TH: The ability to precisely evidence changes in the characteristics of a serial publication over time is one of the great strengths of the methods deployed here. And while our analysis refines, rather than contradicts analyses generated by other historians; our approach has the subtle effect of focusing attention on the financial, structural and political context of the Proceedings, rather than their semantic content. To this extent, the methodology itself pre-determines the nature of the questions being asked.

WJT: If we were just starting this work now, we would be able to place much more emphasis on the semantic content of the Proceedings. Over the past decade, the rapid development of deep learning approaches to natural language processing (especially word representations) and the increase in computing power make it possible for individuals or small teams to take on much more sophisticated analyses.

Overall, the left hand side of Figure 1 reinforces Robert Shoemaker’s and Magnus Huber’s observation that the later 1720s and 1730s witnessed a marked transition in the nature of reporting found in the Proceedings. Both Shoemaker and Huber have suggested that these decades saw a gradual increase in the amount of text being published per trial, and, in Huber’s estimation, a more consistent attempt to represent the trial process in the form of individual, first person, witness statements. Beyond this, Shoemaker has argued that the period from 1729 to 1778 was characterized by a dynamic interplay between political and publishing imperatives that together shaped the Proceedings; encouraging increasingly extensive trial reports, while effectively censoring material that reflected the strategies of defendants, or that brought the system into disrepute. The apparently erratic relationship between the number of trials heard and words published would support his description of this period as one characterized by a complex interplay of forces, but adds to it a series of significant moments of transition.21 The evidence of Figure 1 also tentatively supports John Langbein’s observation that the period between September 1782 and December 1790—when Edmund Hodgson acted as the shorthand reporter—was a kind of “short golden age,” in which most trials were apparently reported at length, and during which the text of the Proceedings responded consistently to court behavior.22 And finally, Figure 1 is consistent with Simon Devereaux’s characterization of the last decades of the eighteenth century and first decade of the nineteenth, as a crisis of crime and punishment in which the Proceedings themselves served as an important tool wielded by City authorities in their ongoing attempt to promote the perception of “public justice.”23 The clear impact of changes in reporting practises between October 1792 and December 1793, when trials resulting in an acquittal were censored from the Proceedings as part of a wider strategy to sustain public confidence in the criminal justice system, reinforces Devereaux’s interpretation. Overall, and although confirming the broad outline found in the secondary literature for the period up to 1820, Figure 1 adds a new layer of detail, drawing attention to specific moments of significant change scattered across eight decades. The story of the nineteenth century Proceedings seems to fit less well.

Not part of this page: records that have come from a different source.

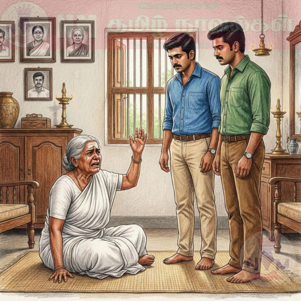 கலைந்திருந்த கூந்தலைக் கொண்டை போட்டுக்கொண்டவர், “உங்க நாலு பேரையும் கெஞ்சிக் கேக்கிறேன், உங்க பவுசைக் காட்டுறதுக்கு என் பிள்ளையைப் பலி குடுத்துடாதிங்க” என்று இரு மகன்களையும் கணவர் மற்றும் தமையனையும் கையெடுத்துக் கும்பிட்டுவிட்டு கதறியழத் தொடங்கினார்.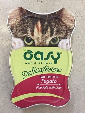 Alimento completo per gatti. Composizione: Cami e derivati (62% di cui 4% fegato di pollo), oli e grassi, sostanze minerali, sottoprodotti di orgine vegetale. Componenti analitici: proteina grezza 10,5%, Oli e grassi grezzi 6,8%, Ceneri grezze 1,8%, Fibra grezza 0,5%, Umidità 79,5%.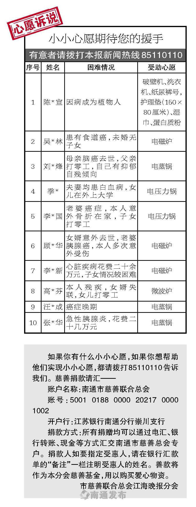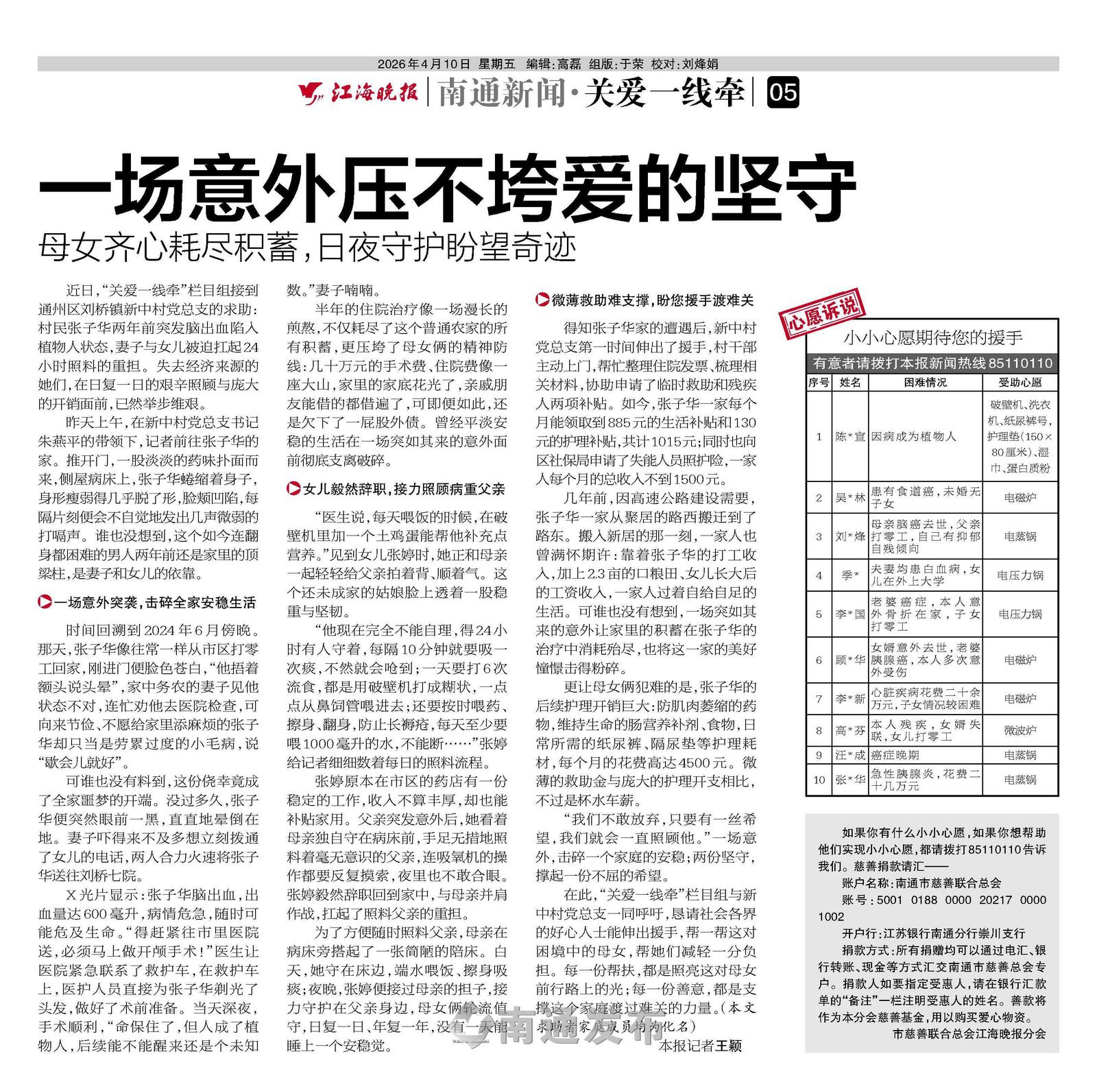 近日,“关爱一线牵”栏目组接到通州区刘桥镇新中村党总支的求助:村民张子华两年前突发脑出血陷入植物人状态,妻子与女儿被迫扛起24小时照料的重担。失去经济来源的她们,在日复一日的艰辛照顾与庞大的开销面前,已然举步维艰。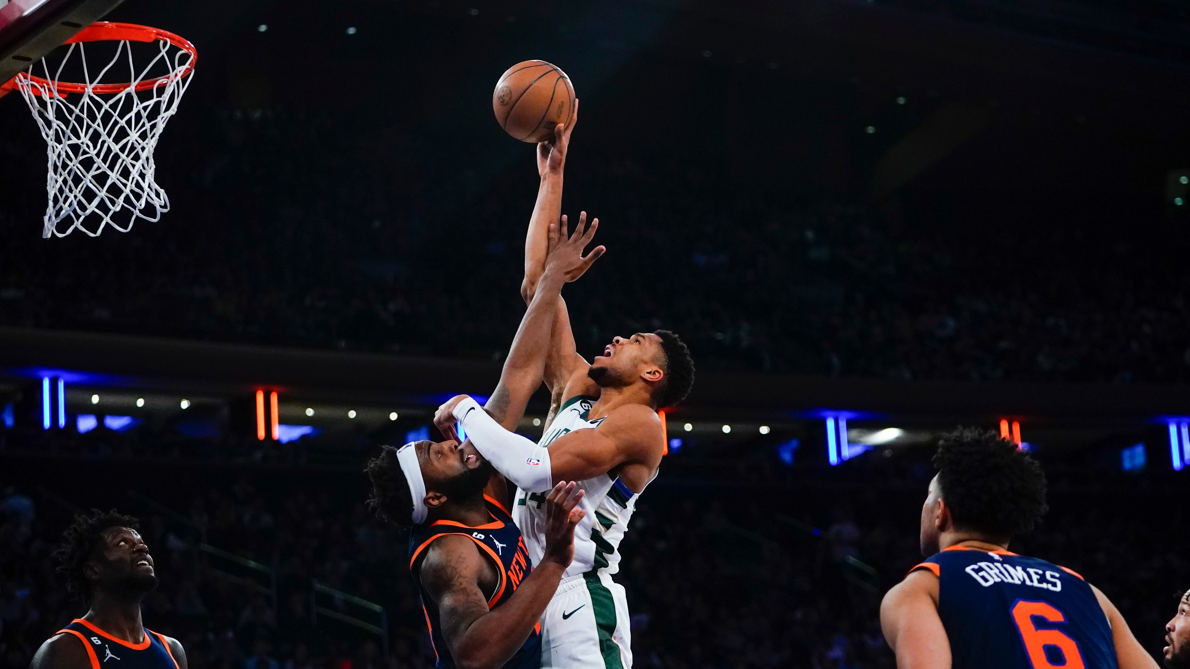 NUEVA YORK (AP) — Giannis Antetokounmpo tuvo 22 puntos y 10 rebotes y a base de triples los Bucks de Milwaukee borraron un déficit de 17 unidades en la segunda mitad para superar el lunes por 111-105 a los Knicks de Nueva York.

TH: Langbein’s impression is almost certainly a result of the increasing significance of newspaper reporting of crime and trials. Most historians of the nineteenth century traditionally relied on publications such as The Times made easy to use as a result of the existence of Palmer’s Index. By contrast the nineteenth century Proceedings were never indexed, and only microfilmed in the late 1980s. In fairness to Langbein, the observation that the Proceedings ‘limped on’ could be referring to their declining readership, rather than their scope or scale.

The right hand side of Figure 1 reflects the trials and words recorded in the Proceedings in the period up to 1913, and appears to contradict John Langbein’s observation that following 1790 “the quality of reporting … declined sharply.. ..[and] the accounts of individual trials became more compressed,” and to belie his conclusion that they simply “limped on throughout the nineteenth century.”24

The sheer number of trials reported and words published in the nineteenth century is remarkable. In the short 30 years between 1820 and 1850, more than 33.5% of all trials covered by the Proceedings were recorded in 35,400,000 words (27.9% of all text), and although the number of trials heard per year declined from 1855 onwards, the amount of text dedicated to trial reporting remained consistently high in the second half of the nineteenth century (although marked by moments of rapid change in late 1870s and 1900s). More than two and a half times as many words (64,740,371/24,811,276), and almost three times as many trials (108,994/37,523) were recorded in the 70 years after 1800 than had been recorded in the seven decades before. More than this, Figure 1 illustrates the presence of significant transformations in the amount of text and number of trials heard from the 1820s, and in the number of trials recorded in the 1850s.25

This volume and changing character of this data calls into question the overwhelming tendency of legal historians to concentrate on the eighteenth century Proceedings at the expense of their nineteenth century equivalent, and evidences that a series of substantial changes in both the character of the Proceedings and the trials they reported that have not hitherto been subject to sustained analysis. Moreover, the close correspondence between the numbers of trials heard and the number of words published between 1820 and the mid-1850s, in particular, also demonstrates that this period represents one in which trials possessed a more consistent relationship with courtroom activity than had been true at any time in the previous century, with the possible exception of the 1780s.26 And finally, Figure 1 points to the existence of a hitherto largely unnoticed but dramatic transformation in either trial reporting, court business, or the relationship between the two, centered around 1855, which heralds a relatively consistent new form of either trial or reporting that continues through the early twentieth century. This transition correlates with the passage of “The Criminal Justice Act” of 1855, establishing new forms of summary jurisdiction. This basic text mining of the Proceedings adds a substantial layer of detail and granularity to the necessarily impressionistic readings that have been undertaken up until now, pointing to a series of specific moments that deserve further investigation; however, to test the nature of these moments of transition in the Proceedings we will move beyond looking at the total number of words published per year, to examining the text as a collection of 197,745 generically similar trial reports.27

2. The Proceedings as a Collection of Text Objects

TH: This approach helps to explain the difficulties we experienced in publishing this piece. A generic academic history article normally takes the form of a claim or argument, evidenced through a narrow selection of precisely relevant data. In contrast, this article purposefully presents a comprehensive set of data, on the basis of which the reader is guided to a specific conclusion. This ‘data first’ approach is shared with many articles in DH resulting perhaps from the ‘data enthusiasm’ of practitioners. But it also means that peer reviewers frequently read these articles as being overly descriptive.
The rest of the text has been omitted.